What is needed is a verbatim copy of the data, minus the pictures.
======
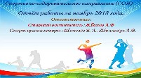 Отчёт работы за ноябрь 2018 года. Ответственные: Старший воспитатель :Жбанов А.В, Спорт.организаторы :Шемелёв Е.Л., Тинников А.В.
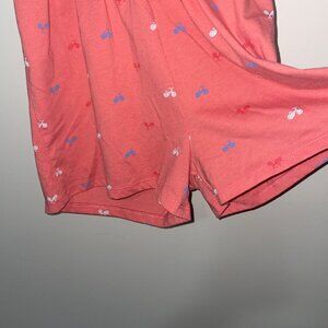 Girls Coral Bike-Print Romper With Flutter Sleeves & Button Keyhole Back
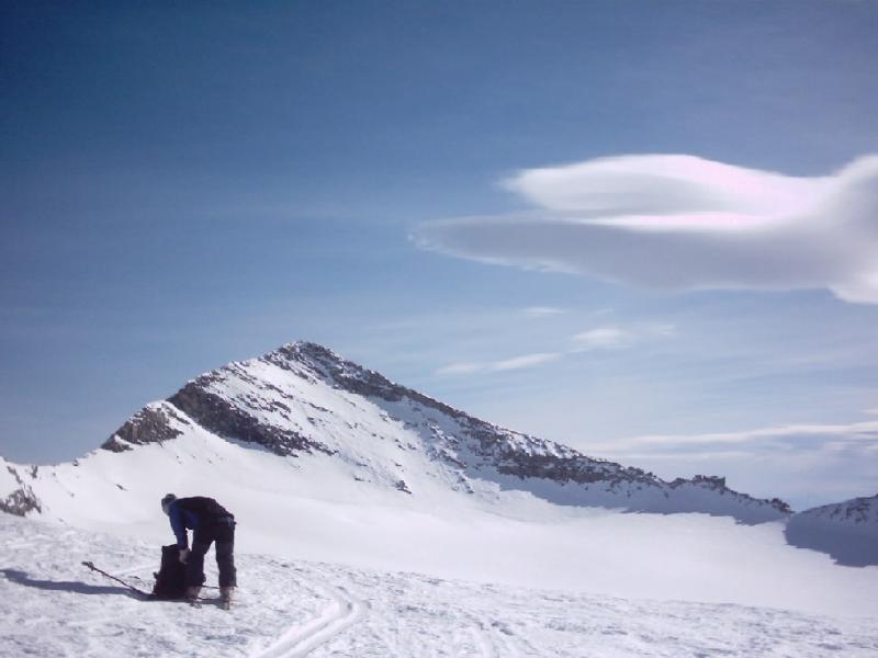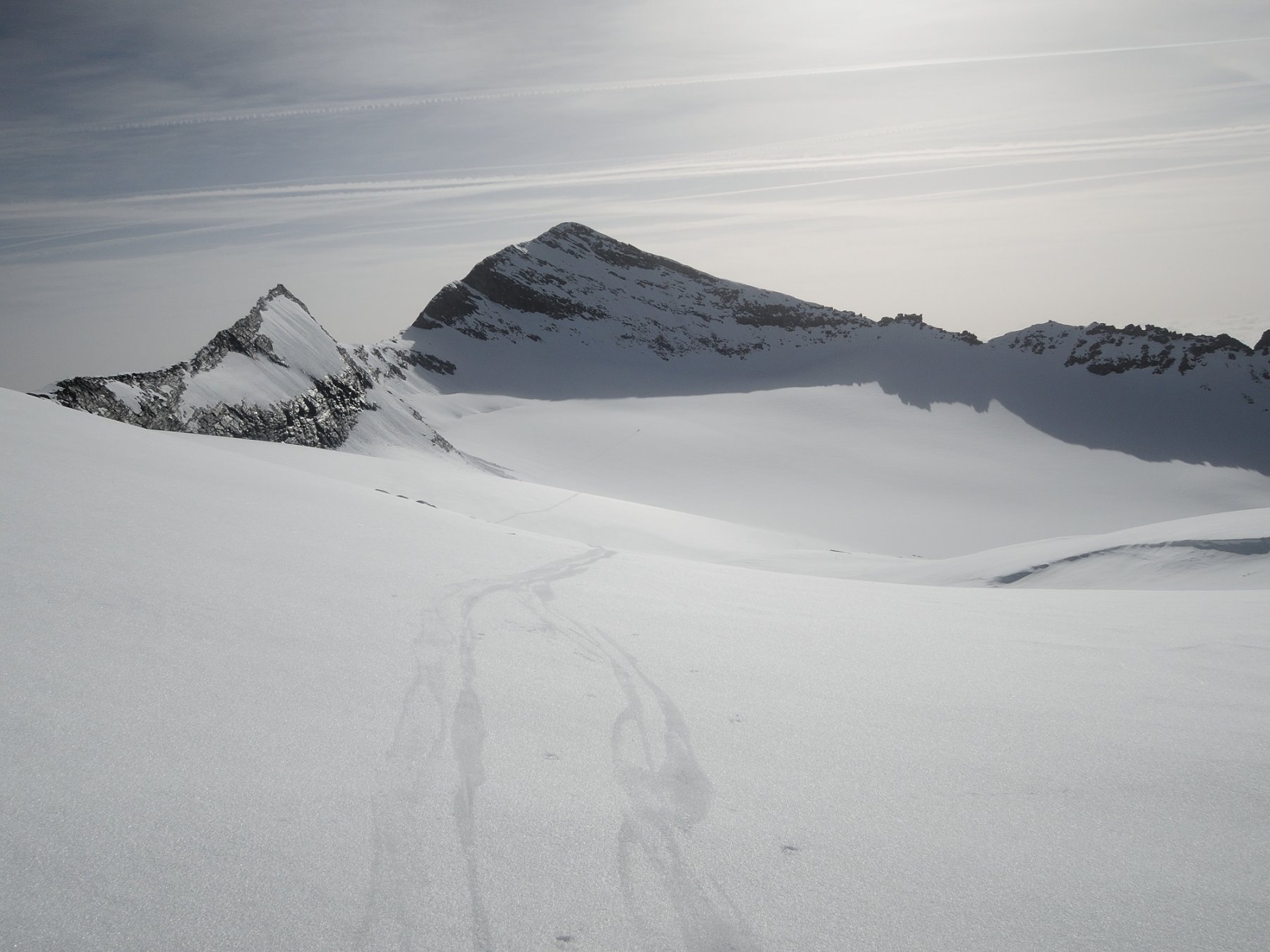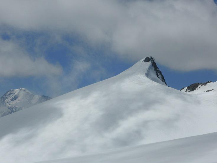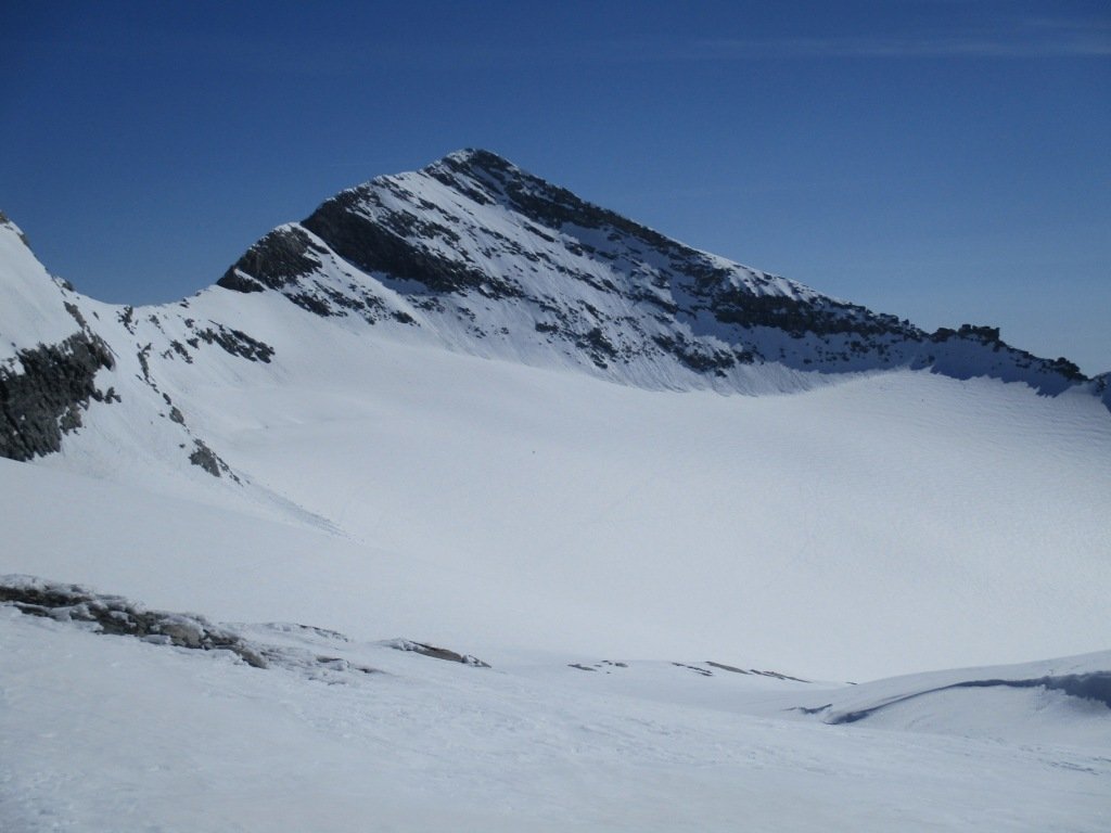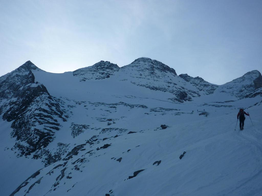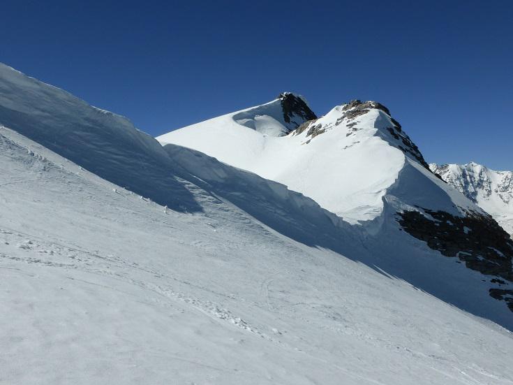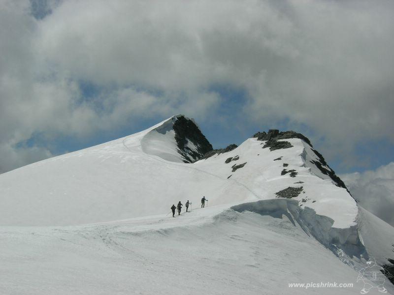 Portarsi sui vasti pianori del Alpjergletscher perdendo circa un centinaio di metri di dislivello per raggiungere poi la cresta S in corrispondenza di un evidente intaglio.
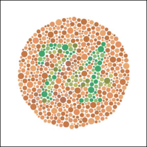 The most common type of color blindness is the inability to distinguish red and green. Can you read the number within the circle?
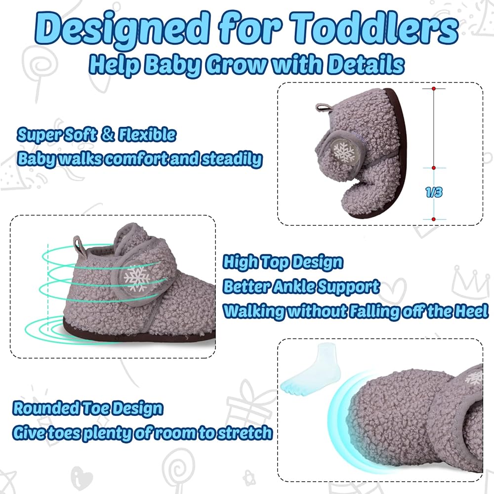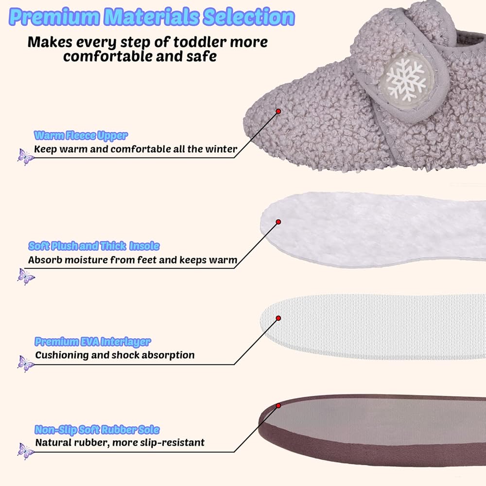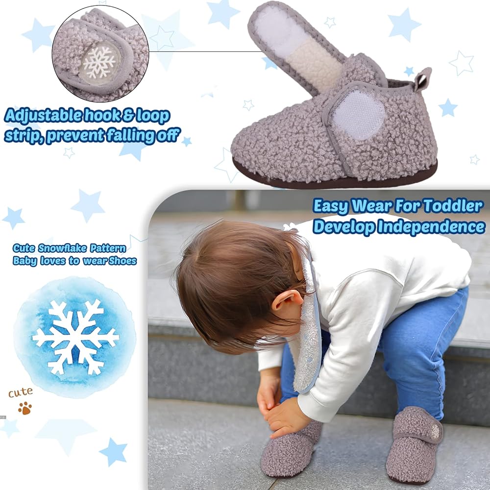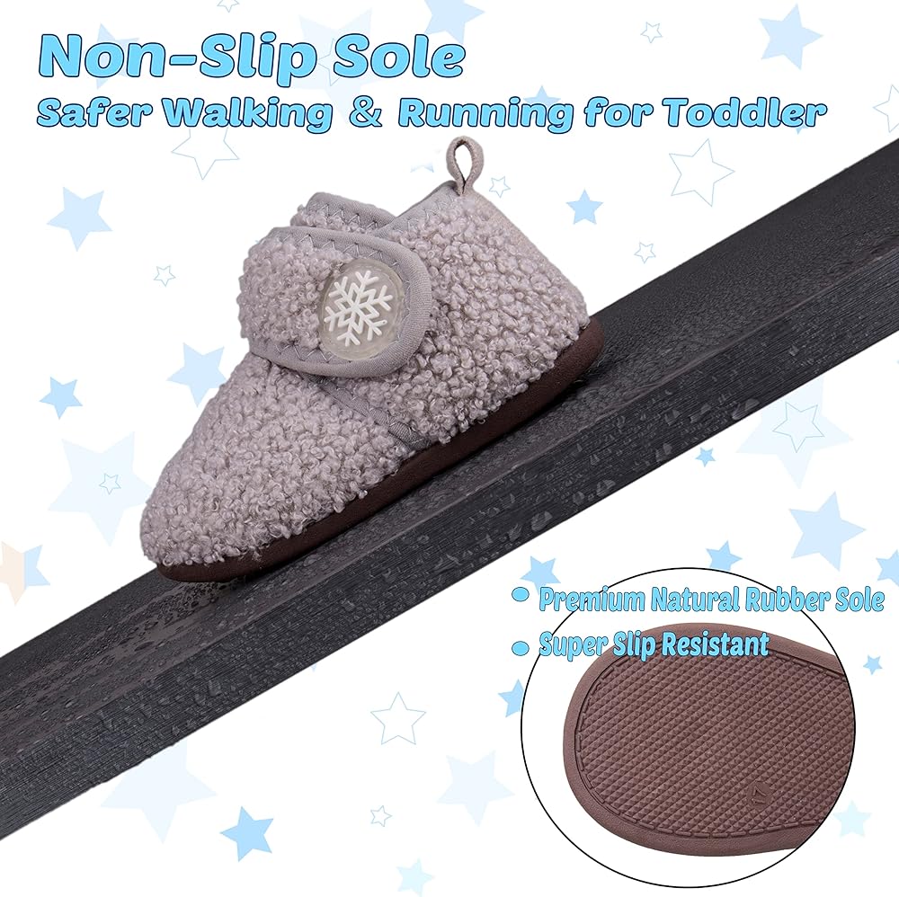 سهل الارتداء: شباشب منزلية للأطفال الصغار مزودة بخطاف وحلقات إغلاق واسعة ومتينة مما يجعل من السهل جدًا على الأطفال ارتداءها وخلعها بمفردهم، والأهم من ذلك، أنها تساعد الأطفال على أن يكونوا أكثر استقلالية. أشرطة لاصقة وحلقة قابلة للتعديل مع ارتفاع تصميم علوي لملاءمة أكثر إحكامًا، إغلاق مشط القدم يجعل المشي أكثر راحة للأطفال الصغار ويمنع سقوط الكعب. تتم طباعة أحزمة الخطاف والحلقة برقائق ثلج لطيفة سيحب الطفل ارتدائها.
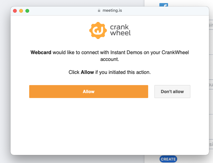 Step 3: Click ALLOW and sign in to your CrankWheel account. If you don’t have an account, you will be offered to sign up, which is free.
======
▶ Exercise response
 Отчёт работы за ноябрь 2018 года. Ответственные: Старший воспитатель :Жбанов А.В, Спорт.организаторы :Шемелёв Е.Л., Тинников А.В.
 Girls Coral Bike-Print Romper With Flutter Sleeves & Button Keyhole Back
 Portarsi sui vasti pianori del Alpjergletscher perdendo circa un centinaio di metri di dislivello per raggiungere poi la cresta S in corrispondenza di un evidente intaglio.
 The most common type of color blindness is the inability to distinguish red and green. Can you read the number within the circle?
 سهل الارتداء: شباشب منزلية للأطفال الصغار مزودة بخطاف وحلقات إغلاق واسعة ومتينة مما يجعل من السهل جدًا على الأطفال ارتداءها وخلعها بمفردهم، والأهم من ذلك، أنها تساعد الأطفال على أن يكونوا أكثر استقلالية. أشرطة لاصقة وحلقة قابلة للتعديل مع ارتفاع تصميم علوي لملاءمة أكثر إحكامًا، إغلاق مشط القدم يجعل المشي أكثر راحة للأطفال الصغار ويمنع سقوط الكعب. تتم طباعة أحزمة الخطاف والحلقة برقائق ثلج لطيفة سيحب الطفل ارتدائها.
 Step 3: Click ALLOW and sign in to your CrankWheel account. If you don’t have an account, you will be offered to sign up, which is free.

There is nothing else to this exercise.